We all feel bored, we all want to be doing something else or be somewhere else at some point. But there’s always going to be an unavoidable situation where we’re going to be bored.

To earn some money I recently worked at my father’s work where he designs roof tiles, after assuring me his office wasn’t that boring and that they often shared childish jokes and pulled pranks on each other to pass the time in between working, it was the most boring four days of my life (it would have been five, but I looked so bored they gave me the Friday off). But apart from the almost solid silence, the thing that most shocked me, was the fact that everyone there didn’t enjoy their job and didn’t want to be there. Every single one of them hated it, and I couldn’t begin to get my head around the fact that they all hated it, but they all stayed. Of course it is easy for me to sit here and say that they should find a job they enjoy rather than spending eight hours a day bored out their minds considering I don’t know their personal situations and the current economic climate, this is not a matter for me to really try to fix as a whole manner of things may be preventing them from branching out that I couldn’t even begin to think of.

So, instead of writing a whole blog on dropping everything you know and taking a risk, I am trying to find a way of amusing yourself, even if you do not love the place you’re in.

So you’ve just got a promotion, but you don’t like your workplace, perhaps instead of focusing on the fact you are just higher up and more committed to something you do not feel that strongly for, wander about who previously sat in your chair, used you equipment; what were they like? What motivated them? What life did they lead? Even if you did know the person that previously occupied this space, how about wandering about the things you didn’t know? Or the person that came before them? Obviously don’t let this distract you from your actual work, but this can while away many long moments. Who knows what exciting characters can come from your imagination? If you do not find imagining up people comes easily or is comfortable, try thinking like Sherlock Holmes. He can deduce your life from what you are wearing, try doing this yourself on other people (obviously don’t be repeatedly caught staring at co-workers), look at what their wearing, are their shoes polished, or are they a bit worn? Is their hair slicked into place or all over the place. Just from this you can begin to tell what kind of day people are having, raise awareness of other people’s feelings and fight boredom. This can work anywhere, even in public. Next time your on the bus, look at you fellow passengers and try to deduce the facts about their lives from their clothes and features, frown lines, bags under the eyes or a bright spark in their eyes.

To really fight the boredom, the best thing would be to strike up strong friendships with those around you, who knows what exciting people hide behind those suits or uniforms? A passing joke as you walk to the photocopier can really make your day and theirs a lot more bearable. If you do a job where you don’t often encounter other people, perhaps speculate about the people who have passed through your place of work, or about the lorry man who just drove past the window.

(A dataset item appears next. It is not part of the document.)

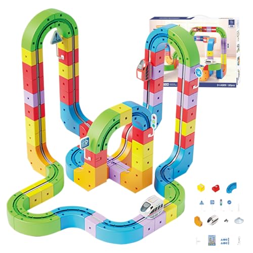 klick Rail Electric Train Set,123 PCS Electric Train Set Flexible Race Track with 2 Cars,Anti Gravity Race Track with Car STEM Learning Gift (123PCS)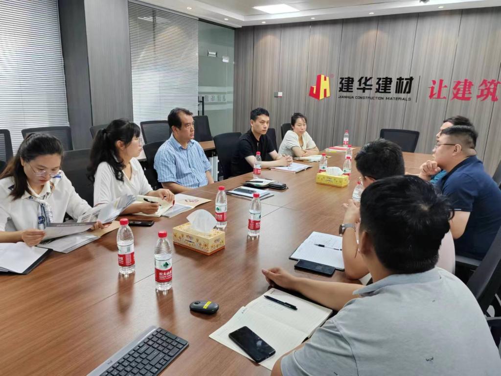 首先,在郭海峰总工介绍与讲解下,杨院长一行了解了建华建材集团的发展历史以及企业文化。建华建材集团创建于1993年,截止到2019年6月,在国内17个省2个直辖市和1个自治区成立并投产了48处生产基地。产销量在中国市场占有率达30%以上,拥有规划、勘察、设计、施工、工程管理、检测、造价、材料等各类专业技术人才。随后杨院长结合学校发展战略规划,向企业介绍了学校的相关情况,并详细阐述了建筑工程学院的学科建设、师资力量、人才培养、科研项目情况及相关优势。建华建材集团人力资源部门经理邢卫波介绍了建华建材集团人才培养模式、企业科研创新成果。双方就建筑材料模块对人才能力需求情况、实习就业情况、毕业设计情况、新专业建设、科研合作等情况进行了充分的沟通和交流,特别是对新专业建设的探讨,专业建设如何更好的契合社会的发展需求展开了深度交流,就下一步产教深度融合、项目共建、课题申报、教材编写、智能建造技术应用、低碳建材等行业前沿技术等进行了深入探讨,达成初步合作意向。

The basic point of this is to help you to find a way of countering the thick weight of boredom, boredom is not something to be endured, it should be fought as we all deserve to be engaged and challenged, as Sally Brampton says in her bookShoot the Damn Dog;

Imagine you are driving a car, and that you are heading straight for a brick wall. If you stay in habitual or rigid thinking (the sort of thinking that says, ‘this is the way I always do things’) and do not change the direction in which you are headed, you will drive your car into the brick wall.

Now imagine that you are driving that same car towards that same brick wall. Now use positive thinking to imagine that the wall is, in fact, a tunnel. It is not, of course, you simply hope or wish that it is a tunnel but it is the sane old, intractable brick. You still drive your car into the wall.

You are in the same car, facing the same wall except that you use creative or constructive thinking. You see the wall as an obstacle set dead ahead and see that it is solid and immovable. You use your thinking to change direction and drive you car around it.

At first I did not understand this, but after a while it began to make sense. If we can see a problem coming (in this instance it represented depression, but for this purpose can be boredom or any other thing that provides a rigid obstacle) but do not try to change, we will encounter it. If we see it coming and just imagine a way round it, but do not make a way, we still hit it. But if we see it, and act against it to prevent it, we can actively avoid it.

Boredom is a state of mind, it can be changed as we wish, it’s not just a factor of life, it is avoidable and can be changed.